Entries shown:
↓↓↓
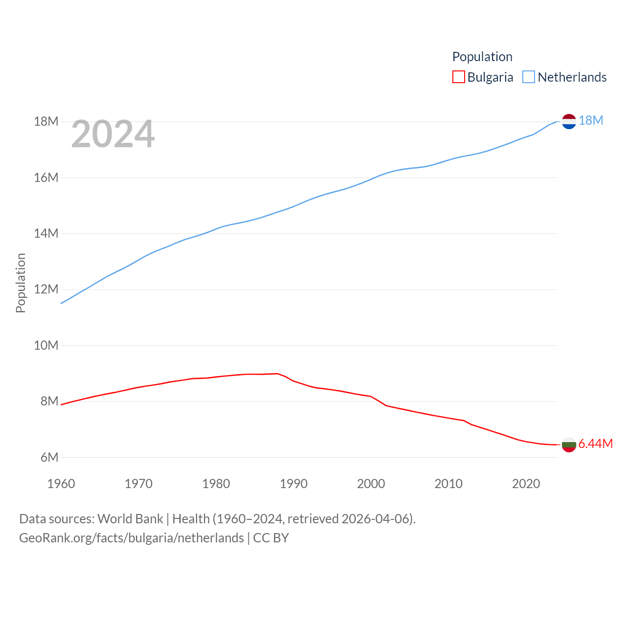 Bulgaria has a population of 6.44M (ranked 110/197), compared with 18M in The Netherlands (ranked 72/197). Bulgaria's land area is 41,915 sq mi versus 13,000 sq mi for The Netherlands (ranked 101st vs. 134th).
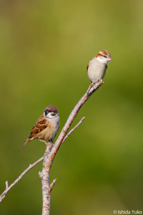 そして、運良く順光の位置でスズメと一緒に枝に止まりました。
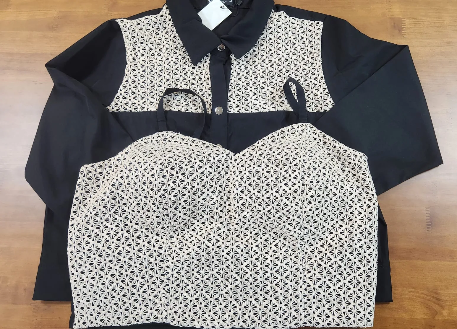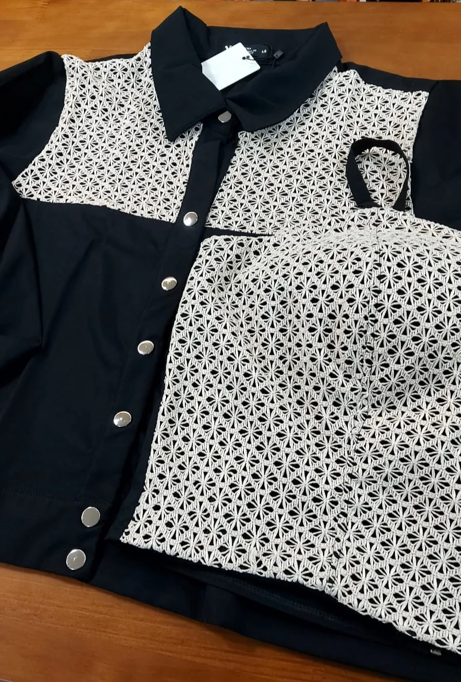 • Design Integrado: O casaco apresenta aplicações frontais do mesmo tecido rendado do cropped, criando um visual coordenado e exclusivo.
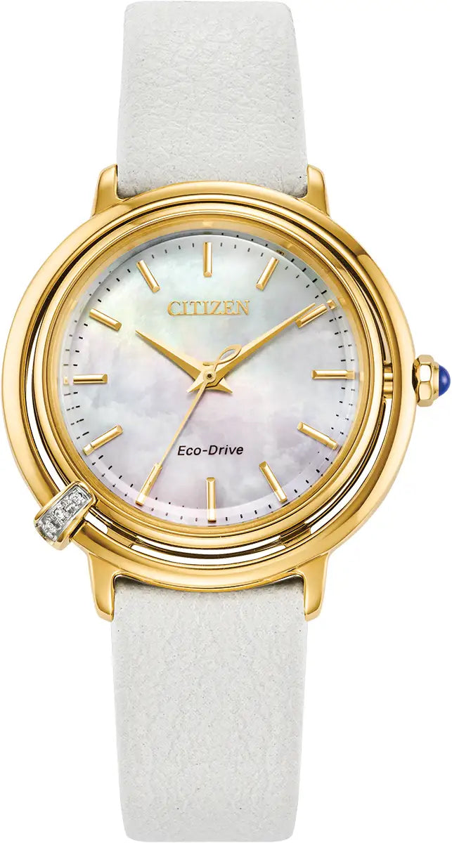 Citizen Watch Citizen L Arcly Ladies EM1092-64D. Classic lines and hints of romance make this newest piece to our women’s collection, the Citizen L Arcly, a glamorous addition of sustainable luxury. With a design inspired and celebrating the 10th anniversary of the first Citizen L "Sunrise, the distinctive gold-tone stainless steel timepiece is a charming accent on the wrist that’s perfect for everyday wear with a hint of sparkle. Sleek lines define the watch's 31mm silhouette, with a subtle crown and small diamond accent adding to its captivatingly delicate look; a white interchangeable apple leather strap adds to its daily versatility. On the mother-of-pearl dial, applied markers and sharp hands indicate the time in style. Sustainably powered by any light with our proprietary Eco-Drive technology that never needs a battery, this elegant women’s watch is the perfect addition to any look. Water resistant to 50 metres.
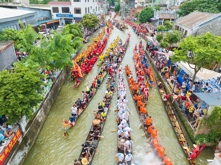 龙舟竞赛历经千年而不衰,近年来频频“出圈”。究其原因,是龙舟凝聚的悠悠历史。从祈福禳灾,到纪念爱国诗人屈原,再到与各种民间活动相结合,龙舟竞渡在千年历史中,不断丰富着文化内涵。高超的造船技艺,诠释着匠人的细致和耐心;浑厚的龙舟号子,传唱着人们祈祷风调雨顺、国泰民安的不变心愿。在岭南地区,一场龙舟盛事,从开始到结束,要经历起龙、采青、赛龙、藏龙、散龙等环节。在满满的仪式感中,一代代人传承着源远流长的龙舟文化,也完成了与古人跨越时空的对话。
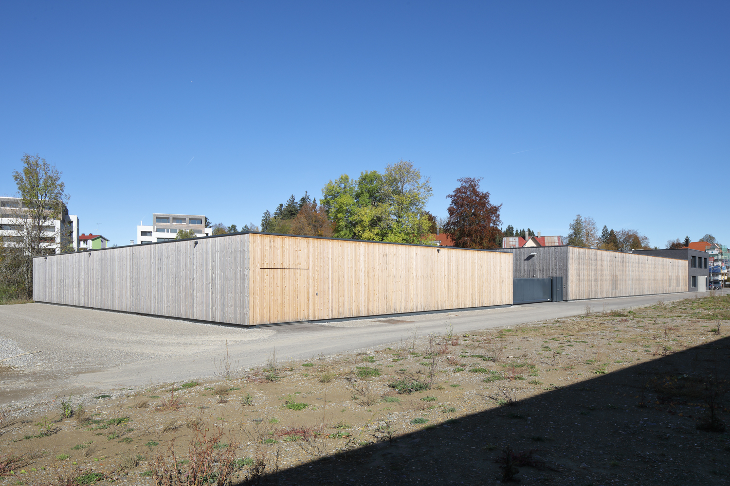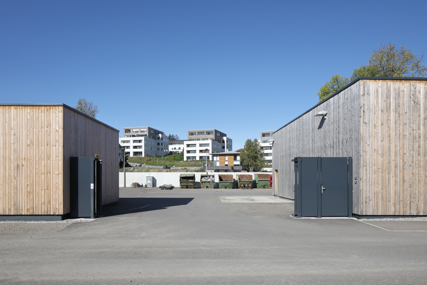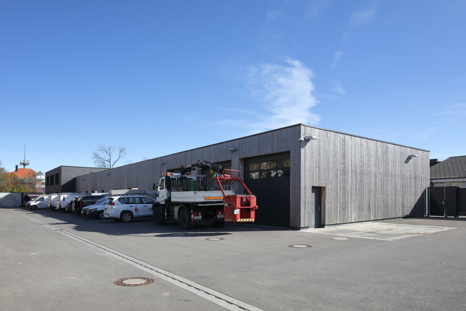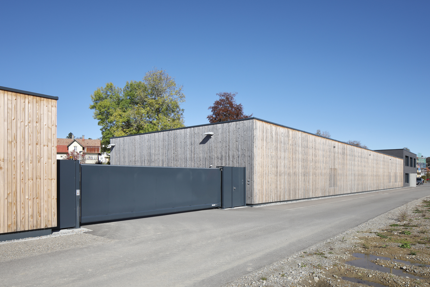 Der betriebliche Teil der Anlage nimmt sich in seiner Formensprache und Materialität gegenüber dem Verwaltungsgebäude deutlich zurück und ist als schlichte Holzkonstruktion ausgeführt. Sein geschlossener Innenhof grenzt sich durch den langgestreckten eingeschossigen Wirtschaftsbau mit Werkstätten, Garagen und Lagern vom Straßenraum ab und wird gegen Südwesten von einem L-förmigen Flugdach zur Unterbringung der Betriebsfahrzeuge gefasst. Beide Strukturen sind in Ständerbauweise errichtet und von Massivholzdächern gedeckt, die Außenhülle ist mit einer feinen Vertikalschalung aus sägerauer Weißtanne belegt.
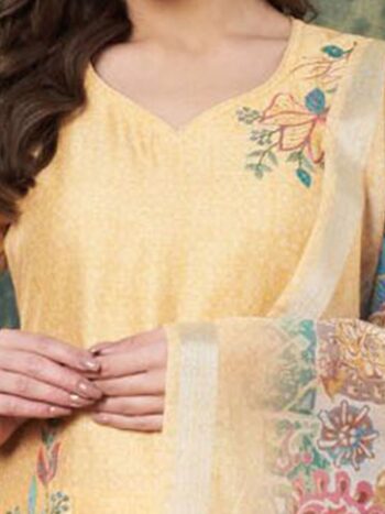 SKU: 9790ALabel Khoj Women’s Yellow Chanderi Embroidered Kurta with Pant and Yellow Dupatta
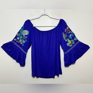 Altar’d State Boho Embroidered Floral Bell Sleeve Off The Shoulder Blouse
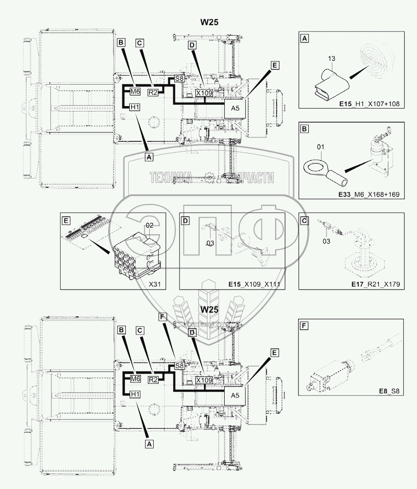 Каталог запасных частей к технике: DYNAPAC Dynapac F1200C/CS. 4812047537 Cable W25
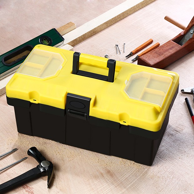 ️hộp đựng dụng cụ đồ nghề size nhỏ 14 in cao cấp ( vàng hot)1021358680f461aa38e5.jpg Hộp đựng dụng cụ, đồ nghề size 14 in Sản phẩm dùng chứa đựng những đồ dùng sửa chữa như búa, kìm, cờ lê…rất tiện dụng và có thể mang xách dễ dàng. Sản phẩm làm bằng chất liệu nhựa PP cứng, rất nhẹ để di chuyển. Khóa nhựa và tay xách góp phần hỗ trợ bạn khi muốn di chuyển thùng. Hộp giúp bạn sắp xếp gọn gàng, ngăn nắp, và hạn chế bị trầy xước hay gỉ sét những vật dụng kỹ thuật. Kích thước hộp 380 x 200 x 180 mm là sản phẩm chính hãng của TOP - Thiết kế 2 tầng tiện lợi (có thể tháo rời) với nhiều ngăn nhỏ giúp phân chia dụng cụ dễ dàng - Cấu tạo khóa cài chắc chắn - Tay xách thuận lợi giúp bạn di chuyển dễ dàng hơn - Sản phẩm đa năng, có thể đựng nhiều đồ dùng trong gia đình như: dụng cụ sửa xe, dụng cụ sửa nhà...
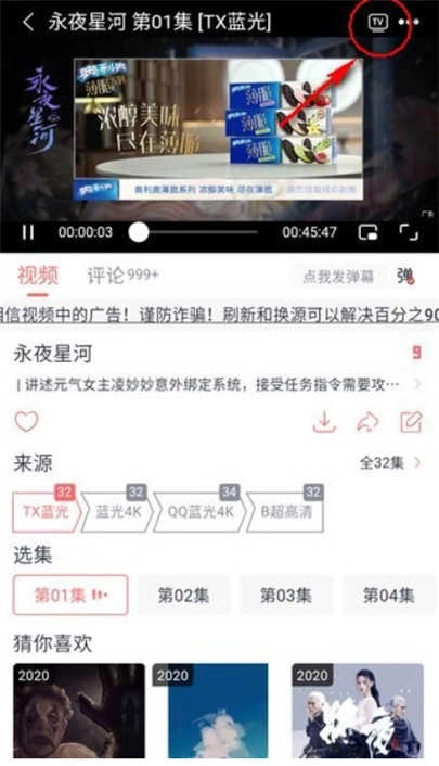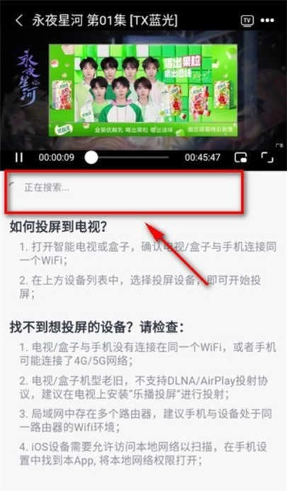 在播放页面的右上角,找到并点击【TV】图标,此时系统会自动搜索可用设备,请耐心等待一会儿,直到电视设备出现在搜索结果中。
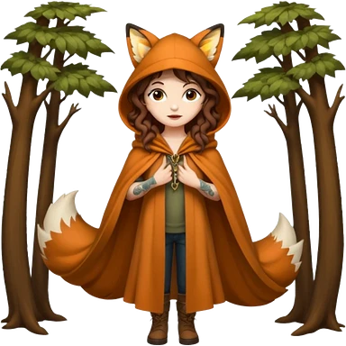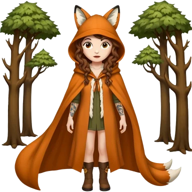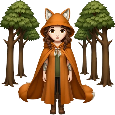 full body woman long curly brown hair brown eyes white skin tattoos wearing fox ear hat and open forest cloak, confident stance emoji
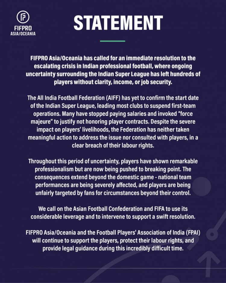 国际职业足球运动员协会亚洲/大洋洲分会呼吁立即解决印度职业足球日益加剧的危机,印度超级联赛持续的不确定性已导致数百名球员陷入前景不明、收入中断、工作保障缺失的困境。
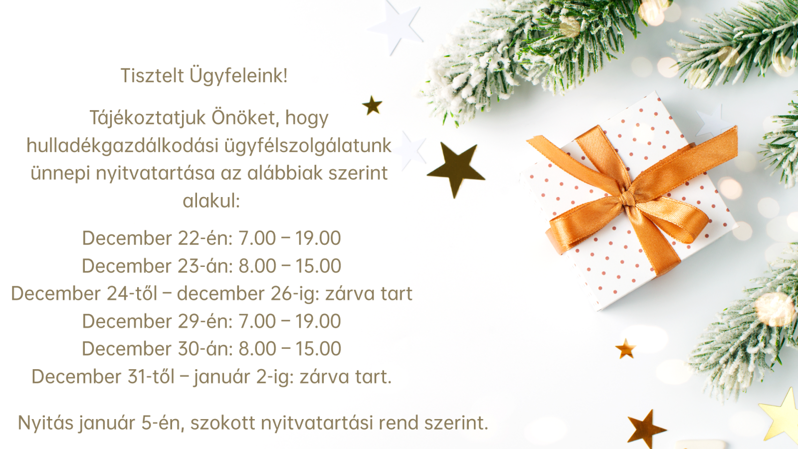 Tájékoztatjuk Önöket, hogy az Erdei Iskola úti hulladéklerakó és a Körmendi úti hulladékudvar 2025. december 4-én, csütörtökön 15:00 óráig tart nyitva, továbbá az Újrahasználati Központ ezen a napon zárva tart.
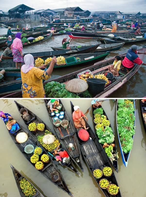 Banjarmasin w Indonezji jest miastem tysiąca rzek. W tym niezwykłym miejscu można odkryć pływający rynek znany jako Muara Kuin, znajdujący się na rzece Barito. Na małych łódeczkach zwanych jukung odbywa się handel warzywami, owocami, rybami oraz wszelkiego rodzaju drobnymi sprzętami domowymi.
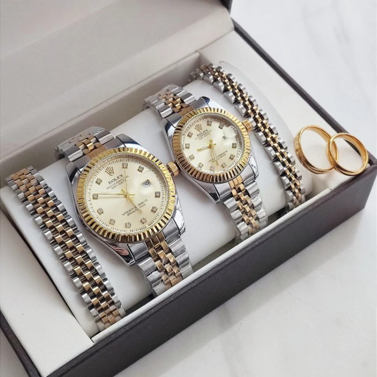 ست هدیه رولکس زنانه و مردانه شامل ساعت و دستبند و انگشتر رنگ ثابت
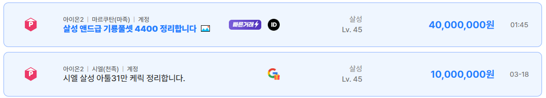실제 거래 데이터를 보면 빠른거래 표시나 우수회원 조건이 붙은 매물들이 많습니다 이는 거래 안정성을 강조하는 요소입니다
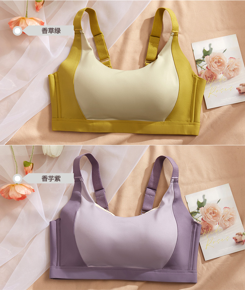 대외 무역 편안한 심리스 스포츠 속옷 여성용 얇은 스틸 링 편안한 경량 가슴 표시 작은 브래지어 대조 풀 컵스토어 가기
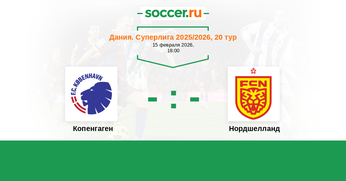 Дания. Суперлига 26.02.2017 Нордшелланд Логотип футбольный клуб Нордшелланд (Фарум) 1:1 Логотип футбольный клуб Копенгаген Копенгаген
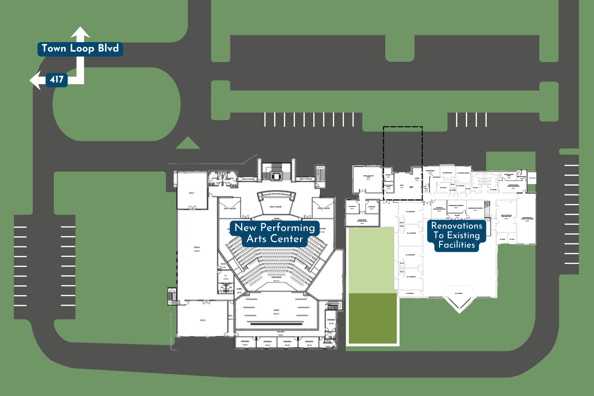 The performing arts building and renovations to the existing church will compliment one another, creating a seamless campus that will maintain a high standard of aesthetic and beauty. There will also be efforts made to ensure any changes to the property do not negatively affect the nearby community.
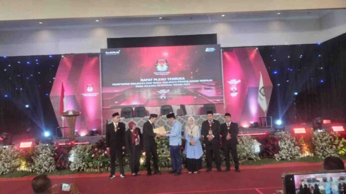PROBOLINGGO, MADUTV – KPU Kota Probolinggo menggelar rapat pleno terbuka untuk menetapkan pasangan terpilih Wali Kota dan Wakil Wali Kota Probolinggo periode 2024-2025. Acara yang berlangsung pada Kamis (6/2/2025) di Gedung Paseban Sena itu dipimpin langsung oleh Ketua KPU Radfan Faisal.
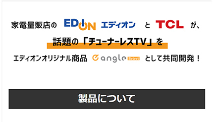 Makuakeのプロジェクトサイトによると、エディオンとTCLが共同開発したチューナーレステレビで、エディオンオリジナルの「e angle Select」として販売する。
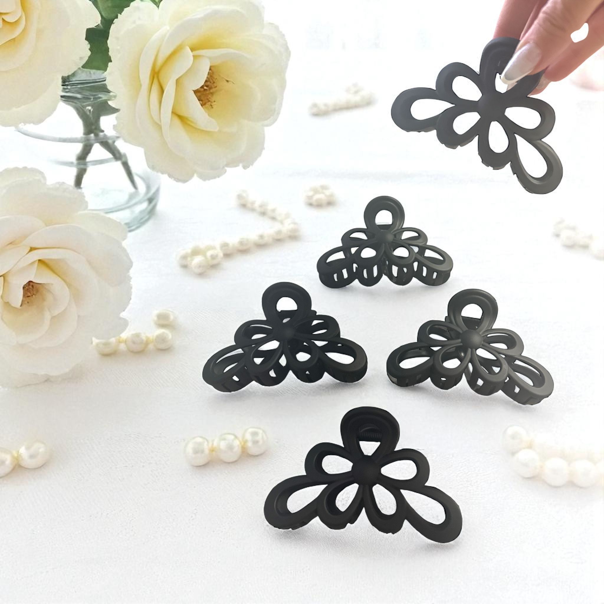 Prindere Sigură și Discretă: Mecanismul de prindere este eficient pentru a menține părul fixat, în timp ce dimensiunea mică îi face potriviți pentru a nu încărca vizual coafura.
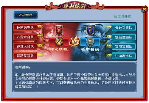 “华山论剑战队赛报名现已开启,淬火四溅,战歌六扬,剑指八荒!绝世战队等你加入!共战天下群雄!”当侠士们看到这热血沸腾的口号出现在眼前时,就预示着《神雕侠侣》“华山论剑”战队赛已经开启了。战队赛采取阵营对抗模式,每个阵营的侠士们都可以集结自己同帮会的强力队友,参与到这场盛事里来,经过激烈战斗决出王者。
↑↑↑
What is required:
Repeat the lines exactly, starting with the line that contains "대외 무역 편안한 심리스" and ending with the last line of the entries. Keep both of those lines but no pictures.

Written solution:
 대외 무역 편안한 심리스 스포츠 속옷 여성용 얇은 스틸 링 편안한 경량 가슴 표시 작은 브래지어 대조 풀 컵스토어 가기
 Дания. Суперлига 26.02.2017 Нордшелланд Логотип футбольный клуб Нордшелланд (Фарум) 1:1 Логотип футбольный клуб Копенгаген Копенгаген
 The performing arts building and renovations to the existing church will compliment one another, creating a seamless campus that will maintain a high standard of aesthetic and beauty. There will also be efforts made to ensure any changes to the property do not negatively affect the nearby community.
PROBOLINGGO, MADUTV – KPU Kota Probolinggo menggelar rapat pleno terbuka untuk menetapkan pasangan terpilih Wali Kota dan Wakil Wali Kota Probolinggo periode 2024-2025. Acara yang berlangsung pada Kamis (6/2/2025) di Gedung Paseban Sena itu dipimpin langsung oleh Ketua KPU Radfan Faisal.
 Makuakeのプロジェクトサイトによると、エディオンとTCLが共同開発したチューナーレステレビで、エディオンオリジナルの「e angle Select」として販売する。
 Prindere Sigură și Discretă: Mecanismul de prindere este eficient pentru a menține părul fixat, în timp ce dimensiunea mică îi face potriviți pentru a nu încărca vizual coafura.
 “华山论剑战队赛报名现已开启,淬火四溅,战歌六扬,剑指八荒!绝世战队等你加入!共战天下群雄!”当侠士们看到这热血沸腾的口号出现在眼前时,就预示着《神雕侠侣》“华山论剑”战队赛已经开启了。战队赛采取阵营对抗模式,每个阵营的侠士们都可以集结自己同帮会的强力队友,参与到这场盛事里来,经过激烈战斗决出王者。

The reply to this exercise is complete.